» **Task requirements**:
Exclude every picture. Output verbatim the lines from the one containing "Проаналізуйте діаграму структури" to the end of the data.

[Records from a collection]
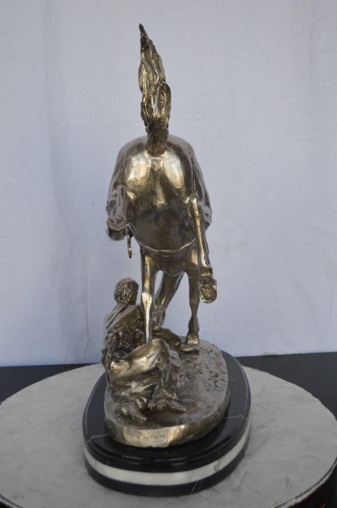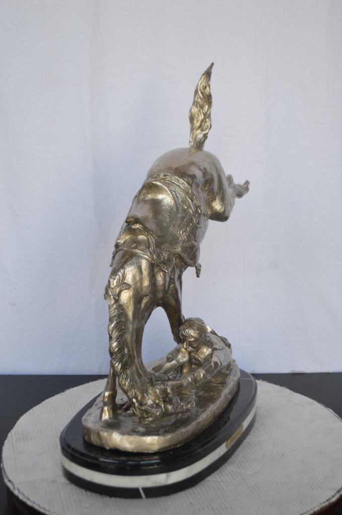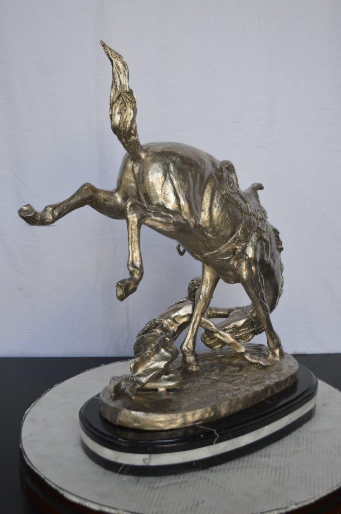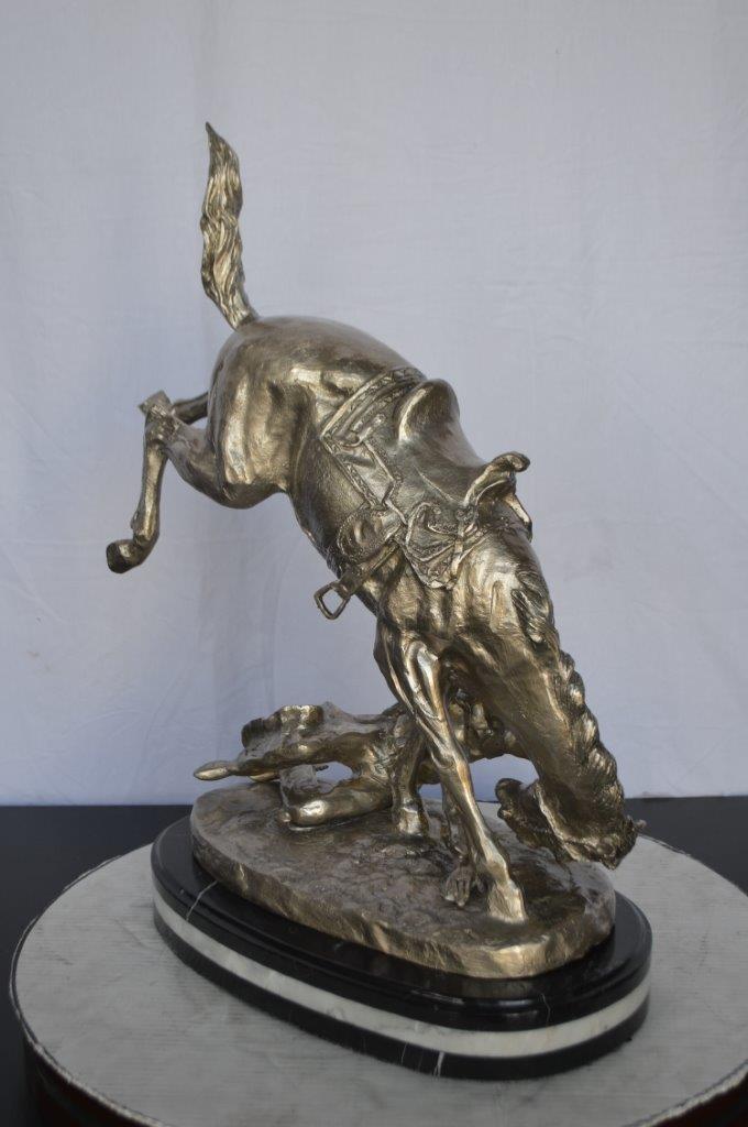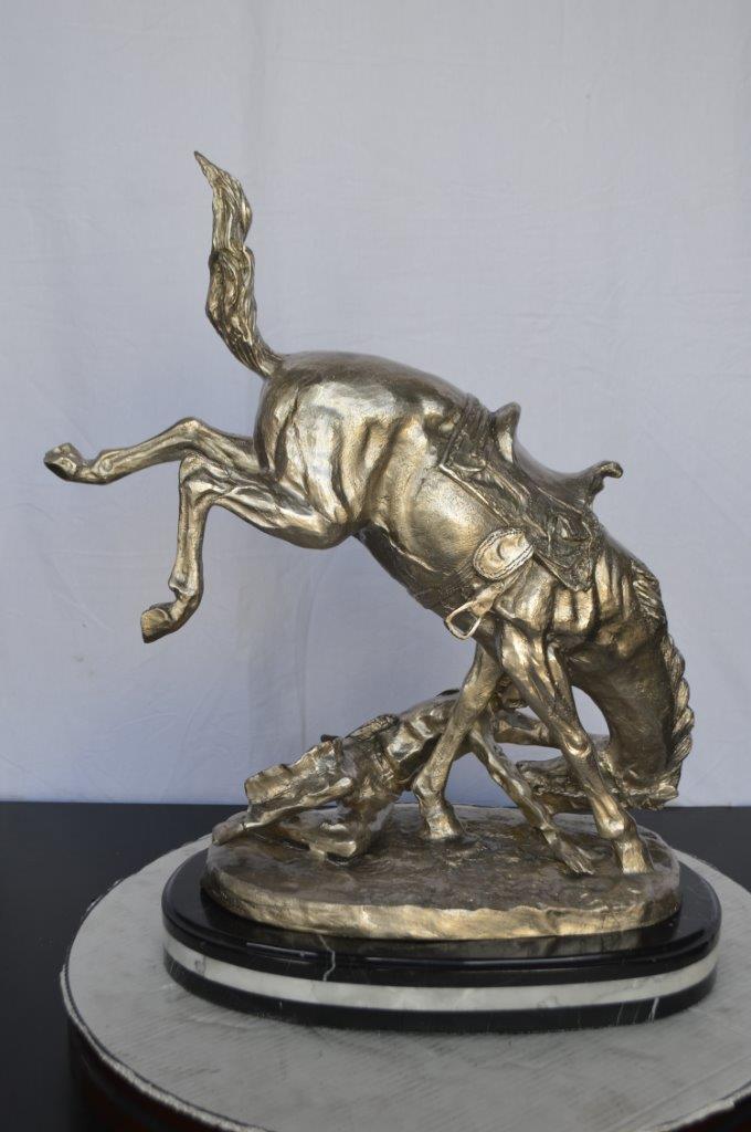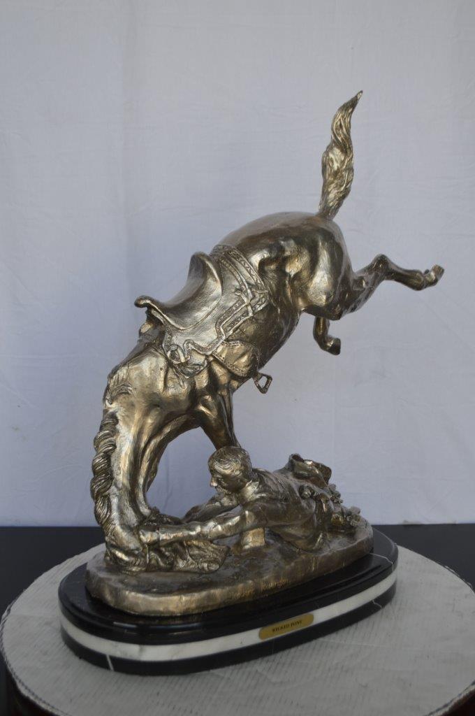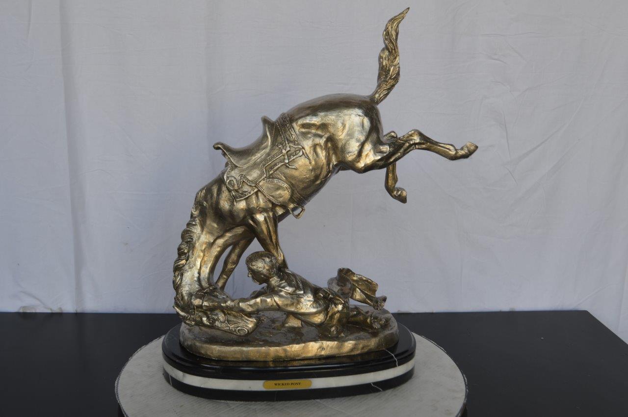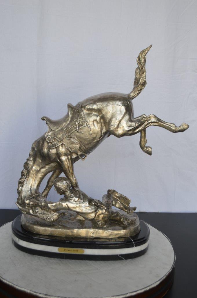 The Remington-inspired silver finished Bronze Statue, Wicked Pony, mounted on a marble base depicts a scene from the Wild West. The Wicked Pony sculpture presents a cowboy that had been thrown from a rank tempered bronc. Inspired by a real-life event, this Remington bronze sculpture depicts a fallen rider attempting to wrestle his horse to the ground in a desperate attempt to regain control. Silver finished bronze with the greatest attention to detail, this replica will add an air of the American frontier history to your home. Size: 11"L x 22"W x 26"H. Weight is: 58Lb
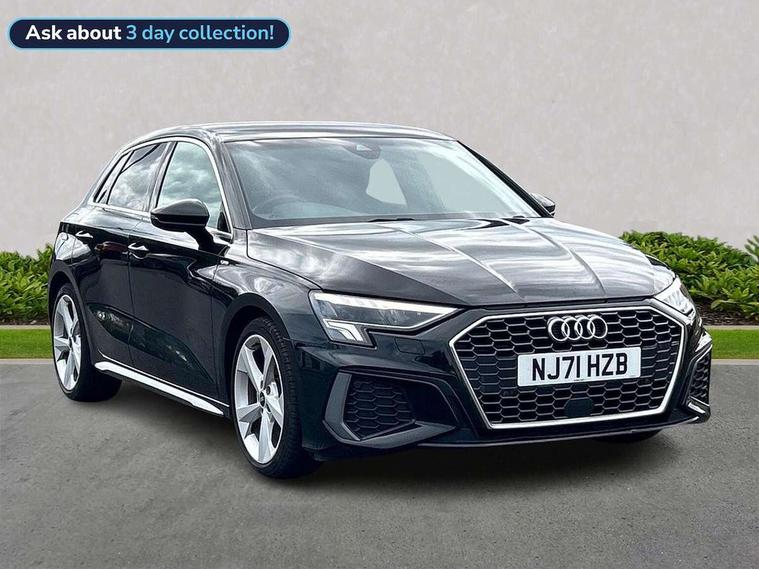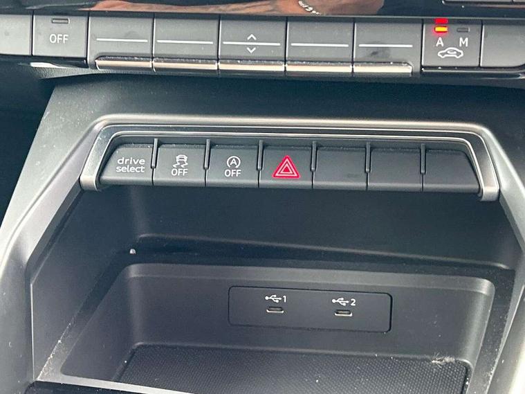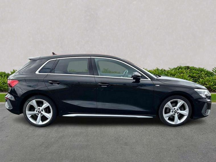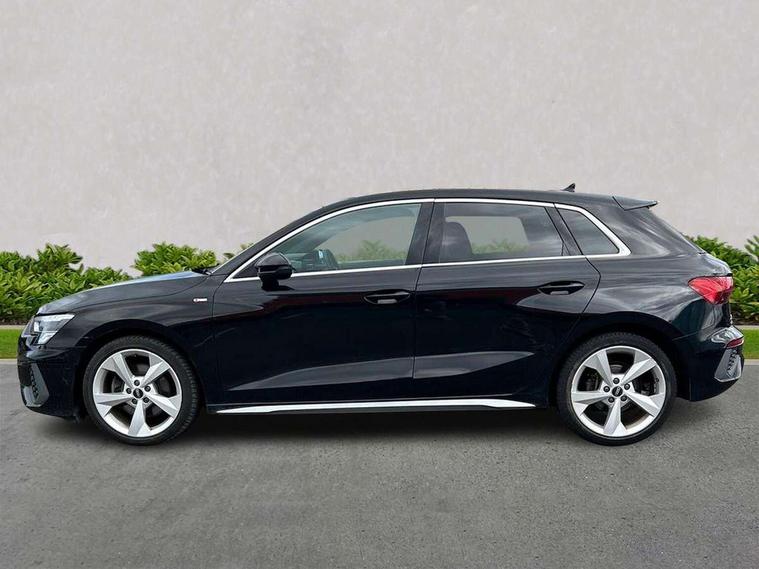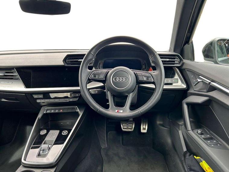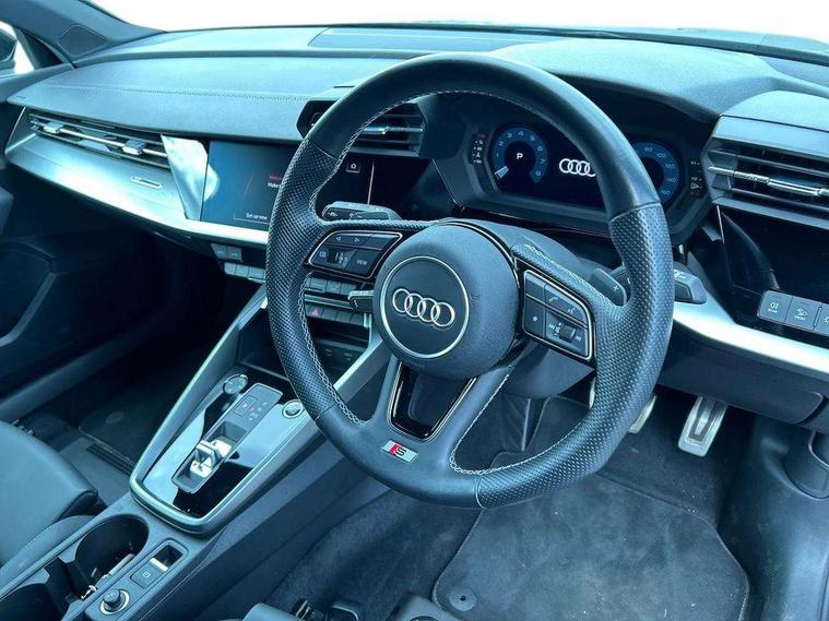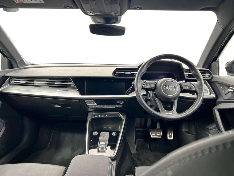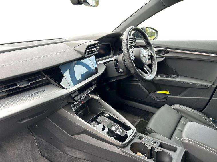 Audi connect emergency call and service, Audi drive select (Auto, Comfort, Dynamic, Efficiency and Individual), Audi smartphone interface, Audi Virtual Cockpit - 10.25" digital and colour instrument cluster, Automatic start/stop system with recuperation, Bluetooth interface, Collision avoidance assistant, Electromechanical power speed sensitive steering, Lane departure warning system, MMI Navigation Plus with high resolution 10.1" colour touch screen display, Service indicator, Trip computer, Voice control system with natural language interaction, 2xUSB-C connection with data and charging functions, 6 passive loudspeakers, DAB Digital radio, 3rd brake light, Acoustic glass windscreen, Aluminium window trim, Auto dimming frameless rear view mirror, Electrically adjustable/heated/folding/auto dimming door mirrors with integrated LED indications + kerb view function for passenger side, Front electric windows, Illuminated aluminium inserts front door sills with S logo, LED daytime running lights, LED headlights with LED rear lights and dynamic rear indicators, Light and rain sensors, Privacy glass - dark tinted rear window, rear door and side windows, Rear electric windows, Rear side air outlets in grained matt black, Rear wiper, S line bumpers, S roof spoiler, 12V socket and storage compartment in front centre console, 40/20/40 split folding rear seat bench with cupholder, Black cloth headlining, Dual zone electronic climate control, Front and rear centre armrest in leather, Front and rear headrests, Front/rear floor mats, Height and reach adjustable steering wheel, Interior lighting - glove compartment light and right hand side, Luggage compartment floor covering, Manual boot compartment lid, Manually adjustable front seats, Seat side bolsters, Stainless steel pedals and front footrest, Twin leather upholstery with front sports seats S embossed logo, Aluminium interior elements pack - A3 Sportback, S line styling pack - A3 Sportback, 3x3 point rear seat belts, Driver and front passenger airbag with passenger airbag deactivation, Electronic Stabilisation Control (ESC) including ABS, ASR and EDL, First aid kit with warning triangle and 2 safety vests, Front side airbags with head airbags and interaction airbag, Hill hold assist, Pre-sense front with pedestrian and cyclist detection, Seatbelt monitoring, Tyre pressure loss indicator, Anti theft alarm, Anti-theft wheel bolts, Electronically operated child lock, Immobiliser, Remote control central locking, Accent surfaces in the dashboard and centre console in platinum grey silk effect paint finish, Dark spectrum aluminium inlays,
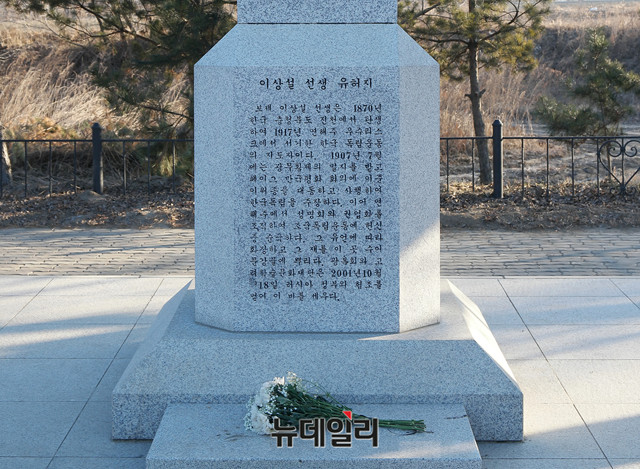 러시아 우스리스크 수이펀(綏芬)강 인근에 세워져 있는 독립운동가 보재(溥齋) 이상설(李相卨, 1870~1917) 선생의 유허비.이 선생은 1904년 일제의 황무지 개척권 요구에 맞서 이를 철회시키고, 1905년 을사조약 체결에 반대해 상소투쟁을 펼쳤다. 이후 만주와 노령으로 망명해 국권회복운동을 전개했다.1907년 광무황제의 특사로 이준, 이위종과 함께 헤이그에 파견돼 한국 독립을 호소했다. 1908년 연해주로 망명해 13도의군 창설과 성명회 결성, 권업회 활동 등을 앞장서서 이끌었다.유해는 인근 수이펀 강에 뿌려졌으며 이후 광복회와 고려학술재단이 2001년 10월 8일 러시아정부의 협조를 얻어 이상설 유허비를 세웠다. (러시아 우수리스크=뉴데일리 이기륭 기자)
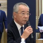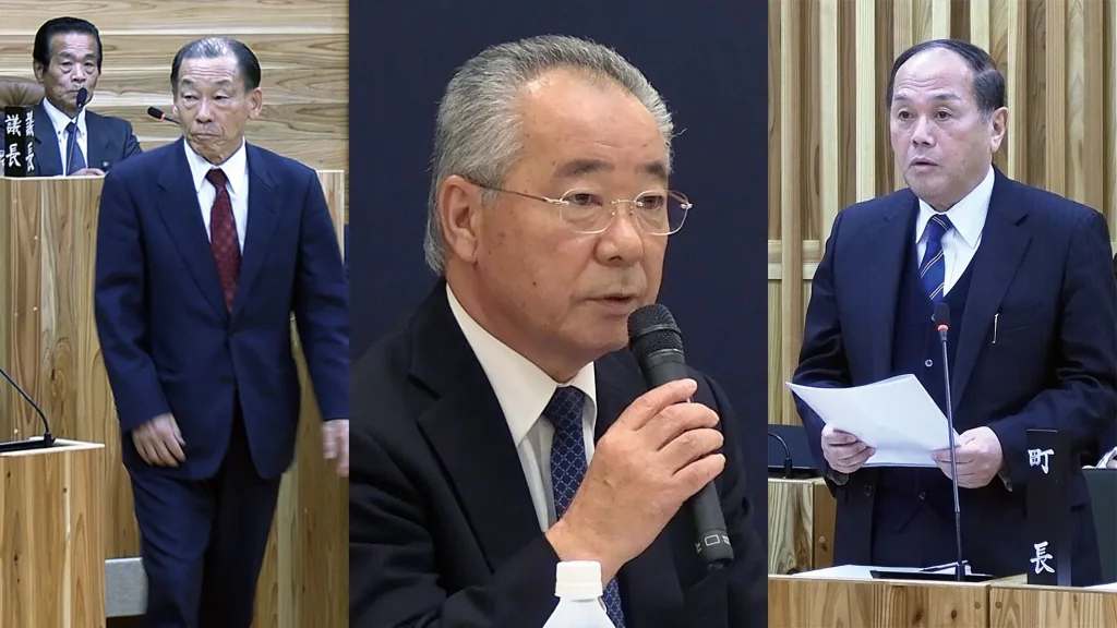 【左】出張旅費の不正精算の責任を取って議長を辞任した岩川俊広町議(手前)=2020年1月10日、屋久島町議会【中】出張旅費の着服疑惑について記者会見する荒木耕治町長=2019年12月26日、屋久島町宮之浦のホテル【右】出張旅費の不正精算について謝罪する岩川浩一副町長=2020年3月6日、屋久島町議会
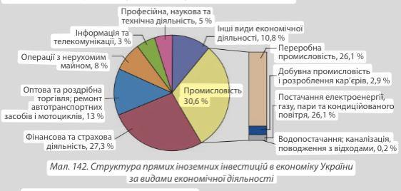 Проаналізуйте діаграму структури прямих іноземних інвестицій в економіці України за видами економічної дiяльностi (див. мал. 142). З'ясуйте, якi сфери еконо міки й чому є найбільш привабливими для iноземних інвесторів.
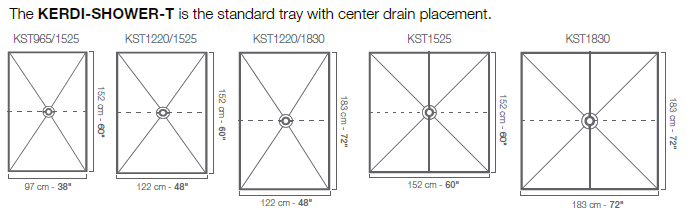 | Item No. | Dimensions | Perimeter height | Drain placement |

» **Answer to this problem**:
 Проаналізуйте діаграму структури прямих іноземних інвестицій в економіці України за видами економічної дiяльностi (див. мал. 142). З'ясуйте, якi сфери еконо міки й чому є найбільш привабливими для iноземних інвесторів.
 | Item No. | Dimensions | Perimeter height | Drain placement |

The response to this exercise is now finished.